Rebecca Prince-Ruiz: Plastic Free July

Feature image credit: Rebecca Prince-Ruiz, Plastic Free July
Hold on, before you continue reading, look around you. Is there a plastic bottle on your desk? A takeaway container in the kitchen? A wrapper or any other disposable item nearby?
These are the kind of everyday objects Rebecca Prince-Ruiz wants us to stop overlooking. She is the founder who made July the month we question plastic.
So, as you keep reading - what is one piece of single use plastic you could refuse this July?
Questions like this has helped turn Plastic Free July from a small local experiment into a big global movement.
Rebecca was working in waste education and local government in Western Australia when she became concerned about the amount of plastic being sent to landfill. A visit to a waste-sorting facility made the problem impossible for her to ignore.
So, in 2011, she invited 40 friends and colleagues to try avoiding single use plastic for the month of July. It was an invitation to pay attention to what they were buying, using, and yes, throwing away.
That small group grew to 400 participants, then 4,000.
You can take part for one day, one week, the entire month or from now on. You can focus on takeaway cups, bottles or another item that regularly appears in your routine.
This campaign went viral because people are more likely to begin when they are invited to try, rather than made to feel guilty for not doing everything.
The Challenge that Refused to Stay Small
The movement eventually became too large to remain a local government initiative. In 2017, the Plastic Free Foundation was established as an independent Australian charity to support Plastic Free July internationally.
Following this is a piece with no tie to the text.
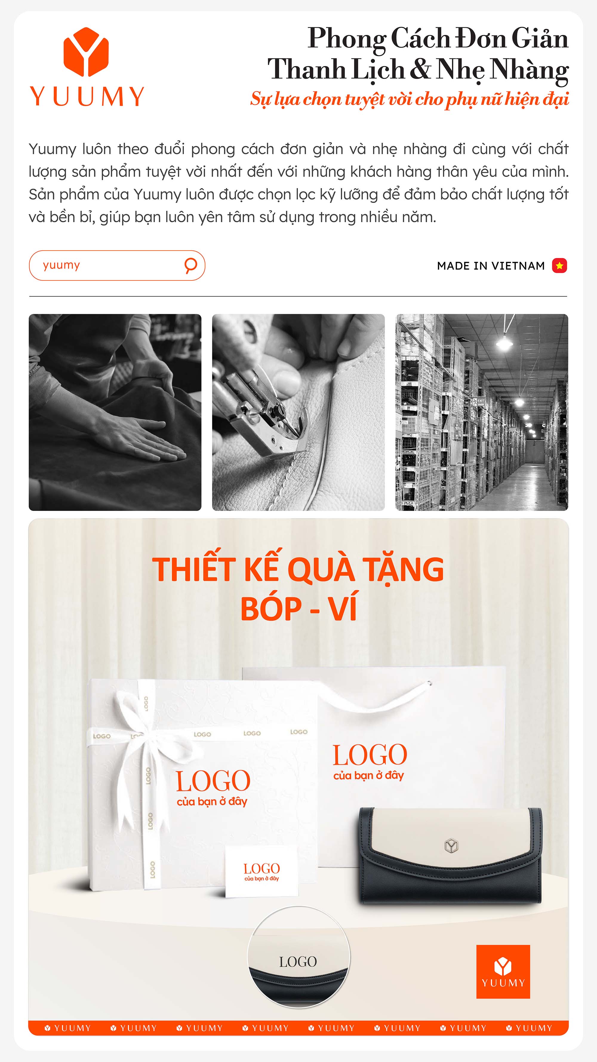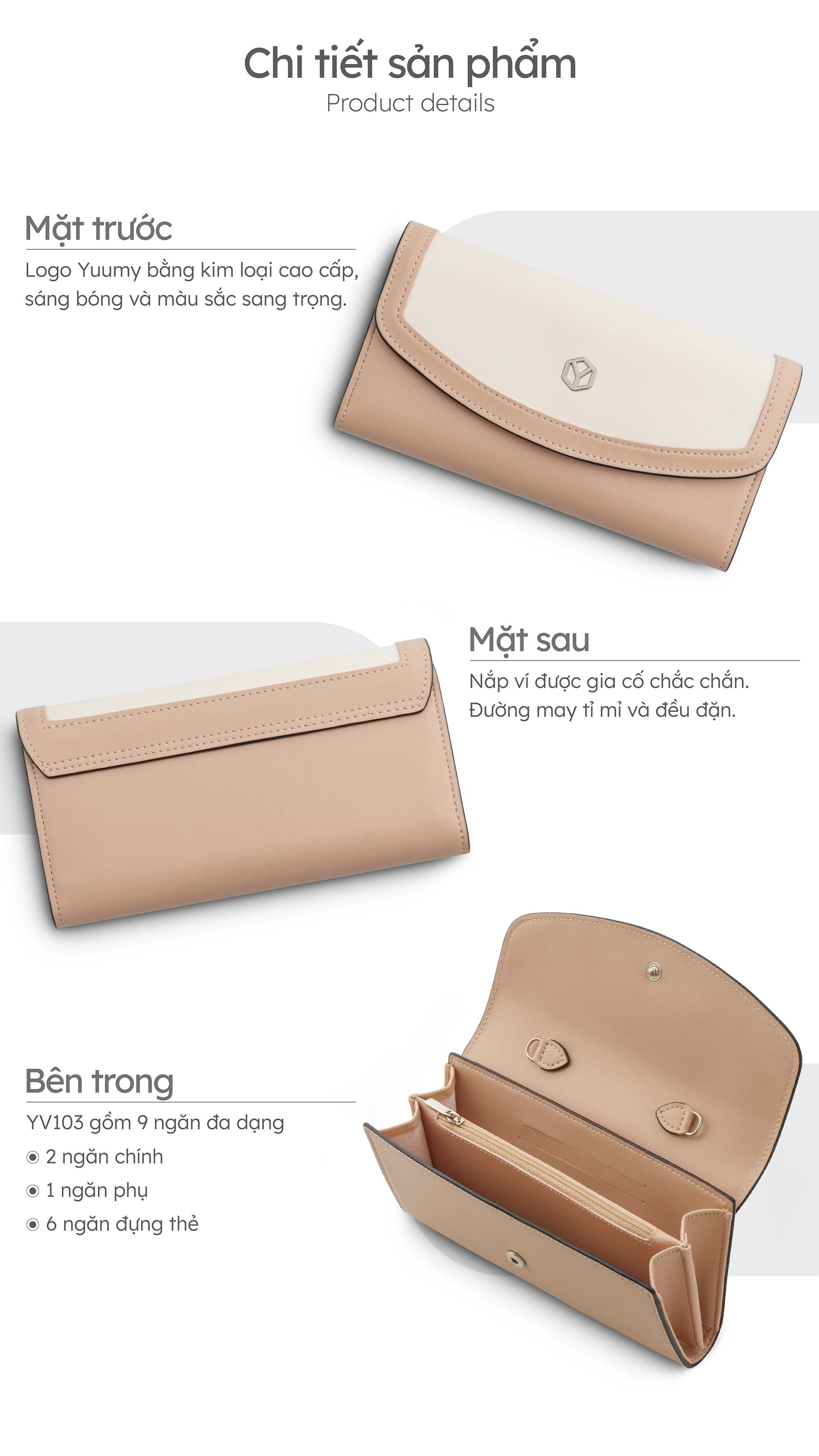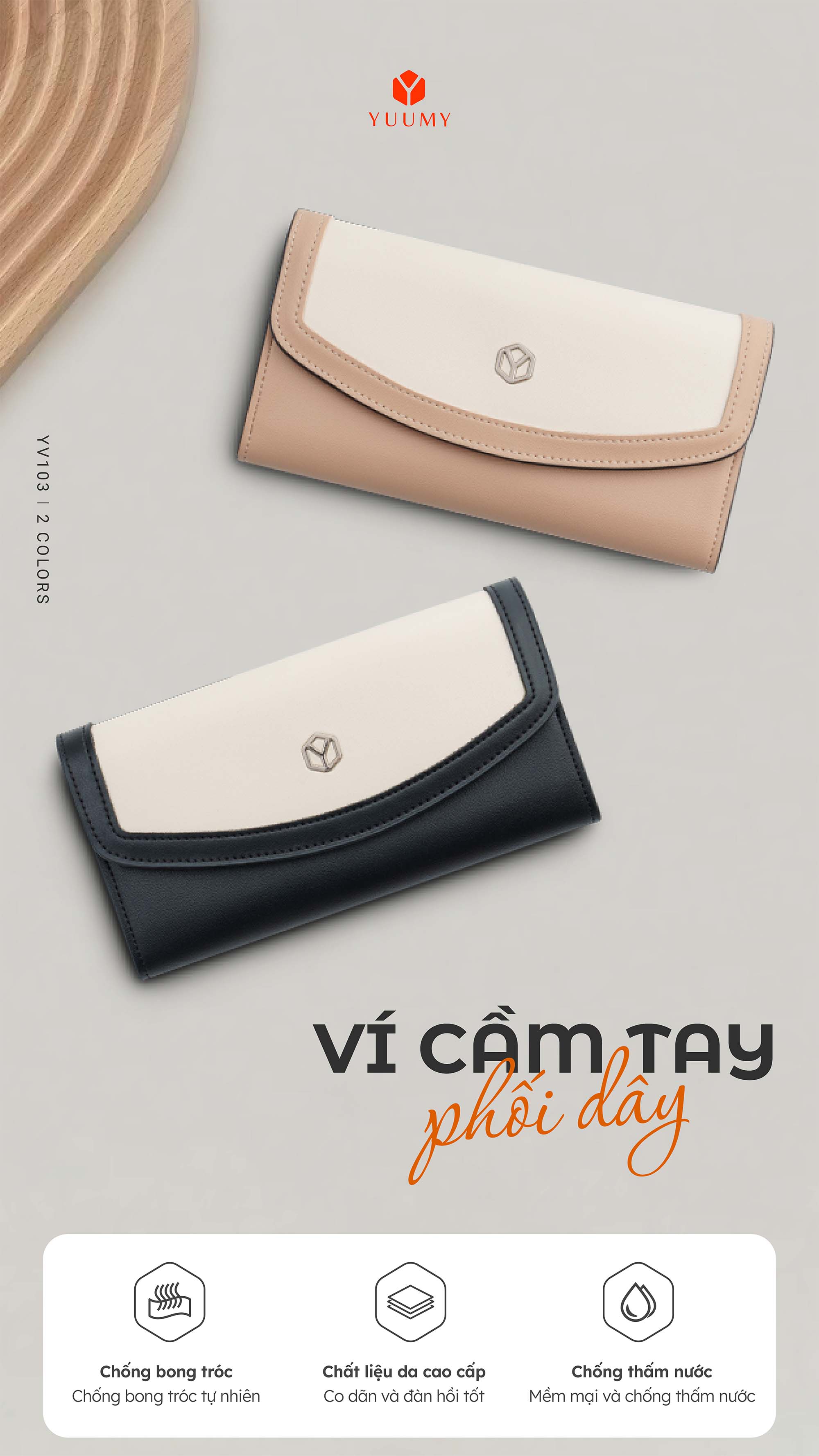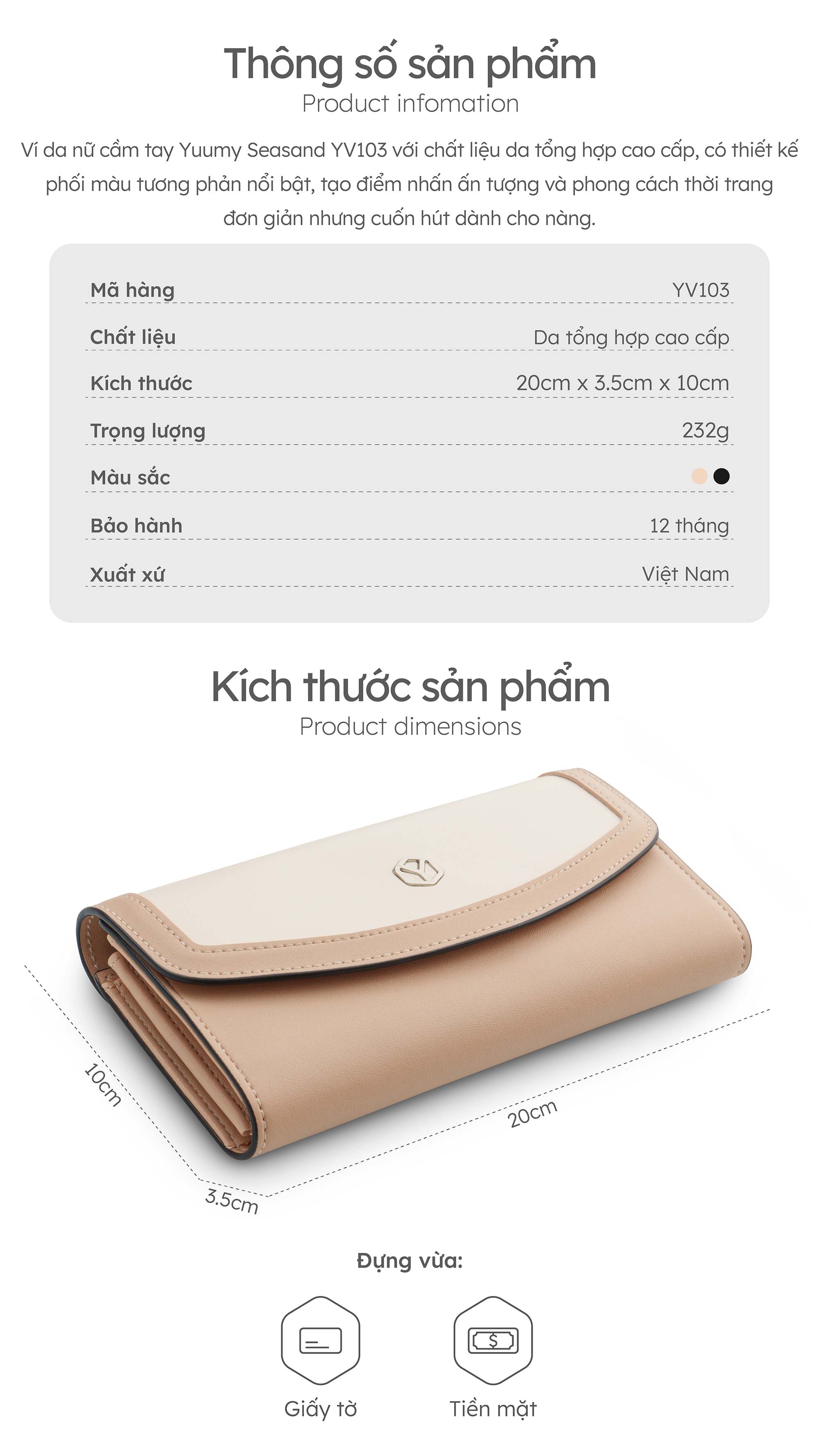 Ví da nữ cầm tay Yuumy Seasand YV103 có thiết kế phối màu tương phản nổi bật, tạo điểm nhấn ấn tượng và phong cách thời trang đơn giản nhưng cuốn hút dành cho nàng. Chất liệu da tổng hợp bền đẹp. Sản phẩm đi kèm với dây đeo có thể tháo rời, giúp bạn linh hoạt trong việc sử dụng ví như một chiếc túi cầm tay hoặc đeo chéo. Ví có kích thước nhỏ gọn, lý tưởng để cầm tay hoặc bỏ vào túi xách. Ví được thiết kế với nhiều ngăn chứa tiện lợi có thể sắp xếp tiền mặt, thẻ tín dụng, giấy tờ cá nhân và các vật dụng nhỏ Thiết kế đơn giản nhưng hiện đại của YV103 phù hợp với nhiều phong cách trang phục khác nhau cùng nàng đi làm, đi chơi, dạo phố,

Prince-Ruiz remains its founder and executive director.
According to their 2025 Impact Report, at least 174 million people across 190 countries participated in Plastic Free July in 2025.
The campaign now provides resources for workplaces, schools, cafés, businesses, community groups and local governments.
Why 2026 Is Not Just Another July
Here is their Plastic Free July calendar, with downloadable resources to help you through the month. And you never know, some of these habits might stay with you for much longer.
Perhaps you cannot avoid plastic packaging because the alternatives are unavailable or unaffordable where you live.
Perhaps medication, accessibility needs or food safety make some plastic essential.
Begin with the plastic you can realistically refuse and notice which changes fit into your routine and which ones expose a larger problem that individuals cannot solve alone.
Rebecca Prince-Ruiz began with 40 people and one month.
So, which piece of single use plastic will receive your first no this July?